Book Review of "A Night Too Dark," by Dana Stabenow --
By Patrick Anderson --
March 1, 2010 --
A NIGHT TOO DARK
By Dana Stabenow
Minotaur. 323 pp. $24.99
Dana Stabenow is one of those regional crime novelists who too often don't achieve national attention. She was born in Alaska in 1952 and has lived there ever since, and this is her 17th novel about the Aleut private investigator Kate Shugak. It's an outstanding series and one that has, in fact, won awards and begun to turn up on bestseller lists here in the Lower 48. If you've never visited Alaska, it's also an intriguing introduction to that big, brawling, rather bewildering state. Once you've met the strange characters who inhabit the Shugak novels, Sarah Palin becomes easier to comprehend.
Kate is only 5 feet tall but fears neither man nor beast: Early in this novel she takes down a knife-wielding roustabout and a charging grizzly bear. Her two live-in loves are Sgt. Jim Chopin, a hunky state trooper, and silver-gray Mutt, who's half wolf and half husky and whose ever-changing moods make him somewhat more interesting than the trooper. Kate started her career as an undercover investigator for the DA's office in Anchorage but later moved to the small, isolated town of Niniltna, where she works as a PI and also heads the board of directors of the Niniltna Native Association, the primary governing body in that corner of Alaska.
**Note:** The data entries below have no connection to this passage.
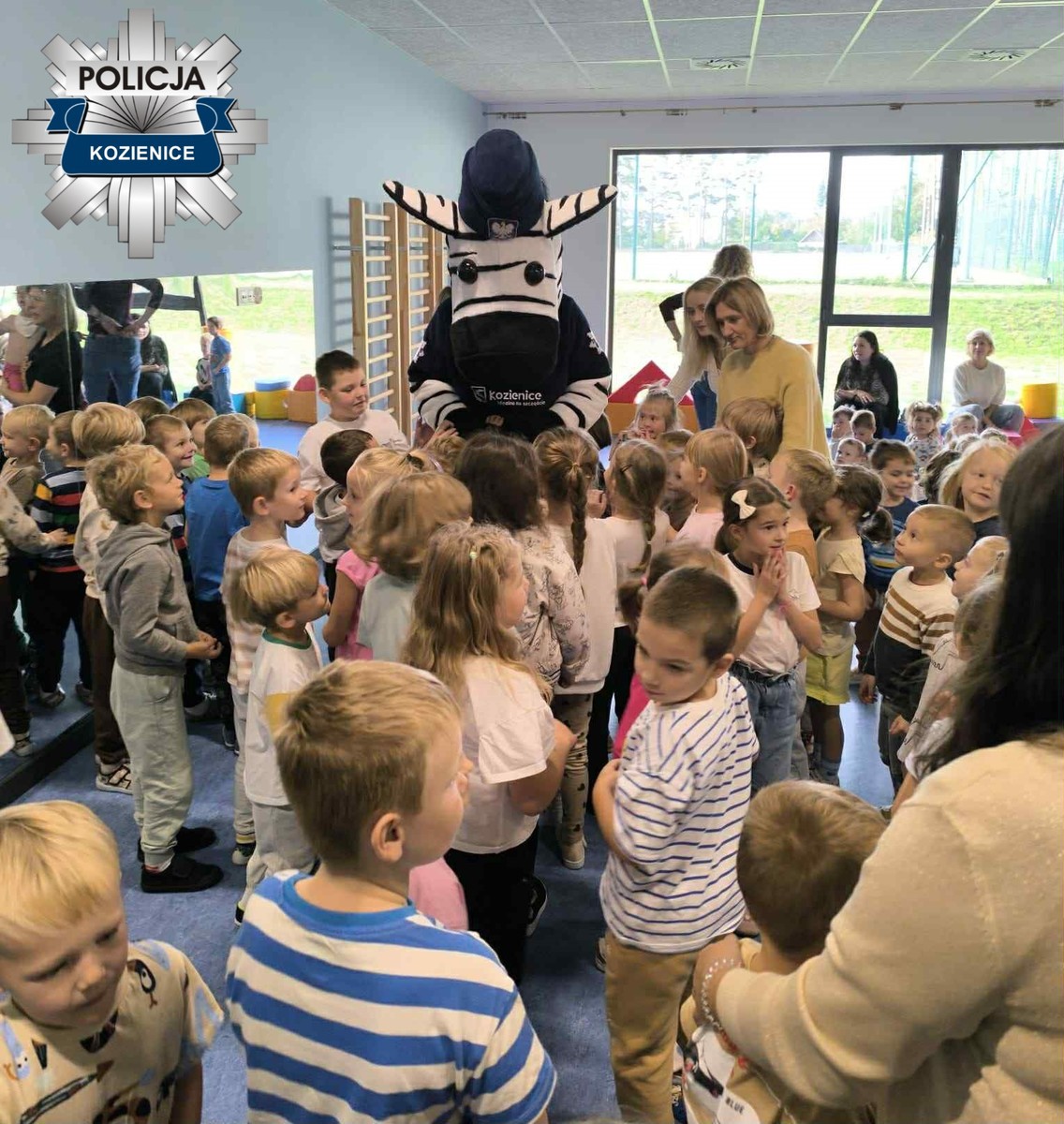 Dziś (24.09) policjanci z Komendy Powiatowej Policji w Kozienicach odwiedzili przedszkolaków z Publicznego Przedszkola nr 1 i 3, prezentując nową maskotkę – zebrę. Spotkanie poświęcone było zasadom bezpieczeństwa w ruchu drogowym.
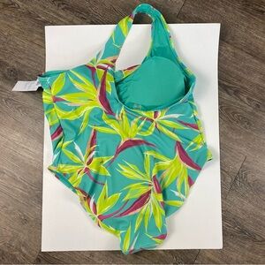 NEW Old Navy Swimsuit Women 3X Green Color Tropical One Shoulder One Piece Beachy
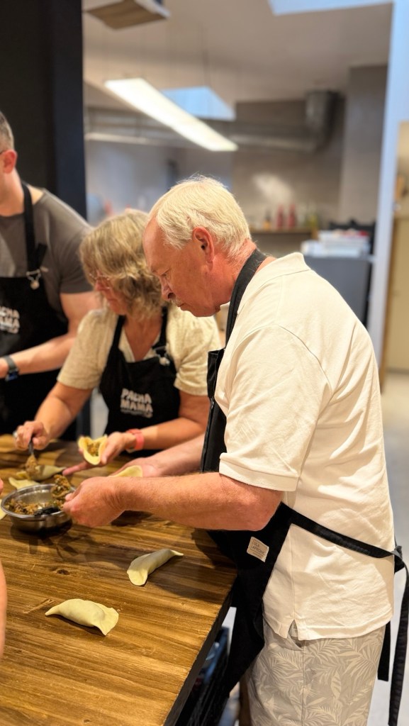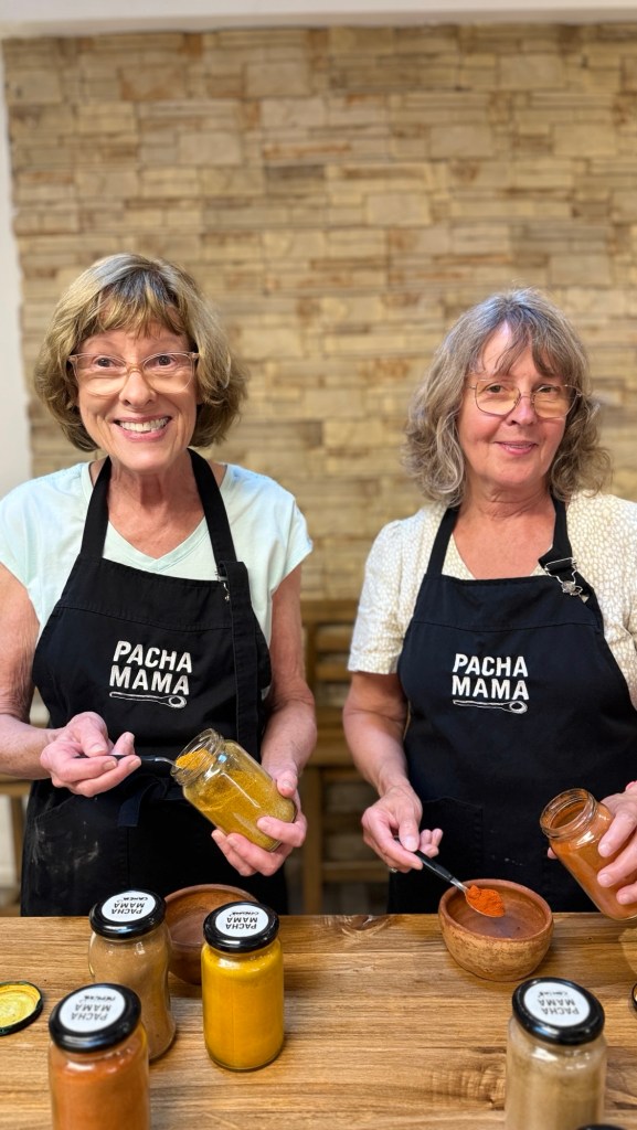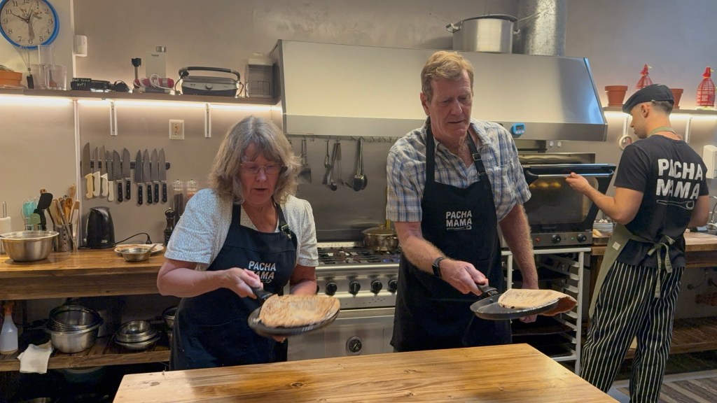 As we exit the market, there is a nearby restaurant in an old Monastery where we stop for lunch. The Monastery is beautiful, with tile work and statuary, and we sit at a shaded table along one of the galleries. The service is very slow. We get our drinks, then wait. Then we wait some more. We’re not sure our waiter has put in our order. We ask, but he doesn’t speak English, and it’s not clear he understands. We wait. Diners around us have ordered, been served, eaten and left. Finally our food arrives. Fries, empanadas and a frittata. It’s just OK. Nice place to visit, but like the market it doesn’t live up to its promise.

The plot of "A Night Too Dark" centers on the Suulutaq Mine, where vast gold deposits have been discovered. The gold isn't being mined yet because environmental questions must be answered, but the prospect of a billion-dollar bonanza has various hustlers and corporate vultures circling. (The Suulutaq Mine is fictional, but Stabenow has said it is based on the controversial real-life Pebble Mine in southwest Alaska.) Kate has deeply mixed feelings about the mine; the region needs the jobs but doesn't need the environmental damage and the threat to its way of life. However, she and Sgt. Jim are drawn there after two of the mine's employees mysteriously die and a third goes missing.
This plot unfolds nicely, but what makes the novel outstanding is Stabenow's vivid portrait of the Alaskan culture. In the opening pages we meet an old-timer with a long white beard whose "Carhartt bibs were frayed and stained, the black-and-red plaid Pendleton shirt beneath it patched and faded, and the Xtra Tuffs on his feet looked like they'd been gnawed on by ferrets." We meet the town's four "aunties," Native Alaskan women in their 80s who are the community's social arbiters. We learn that it is unwise to ask an Alaskan "Where are you from?" because so many have pasts they are determined to escape.
We attend a board meeting of the Niniltna Native Association and discover that Native Alaskans are just as angry, stubborn, greedy and duplicitous as anyone else in politics. We learn that in today's Alaska, outsiders sometimes marry indigenous Alaskans for their money -- the Alaska Claims Settlement Act of 1971 having awarded huge amounts of land and nearly a billion dollars to them through regional corporations like the one Kate heads. As a result, at least some Native Alaskans have become prosperous. We see that Sgt. Jim doesn't bother much with dope smokers, bigamists and poachers, if they otherwise behave. We also learn, after a quiet dinner at home, that he and Kate are partial to spontaneous displays of affection: "She laughed harder when he cleared the table with a sweep of one arm and threw her down on it."
Stabenow is blessed with a rich prose style and a fine eye for detail. At one point she devotes two delightful pages to detailing the beauty of Kate's garden ("The deep purple spire of monkshood, its cluster of closed blooms giving off an air of mystery, appeared and disappeared around every bend of trail"), and elsewhere we're treated to a digression on the hunting and cooking of moose ("Old Sam liked his meat crisp on the outside and bloody close to the bone, and this took time and care.").
Stabenow doesn't say much about Alaskan politics, except to have Kate quip, "Anyone in Juneau [the state capital] in their right mind is an oxymoron." However, in an interview with Publishers Weekly, Stabenow said that she'd met then-Gov. Sarah Palin twice, the second time in 2007, when Palin named her Alaska's Artist of the Year. Stabenow added, "She didn't mention the novels either time." This is alarming. It's always wise to greet a novelist with "Loved your book," whether or not you've read the book in question. The writers are invariably grateful, and none has ever been known to demand proof. If Palin can't figure that out, how can she ever hope to lead a great nation?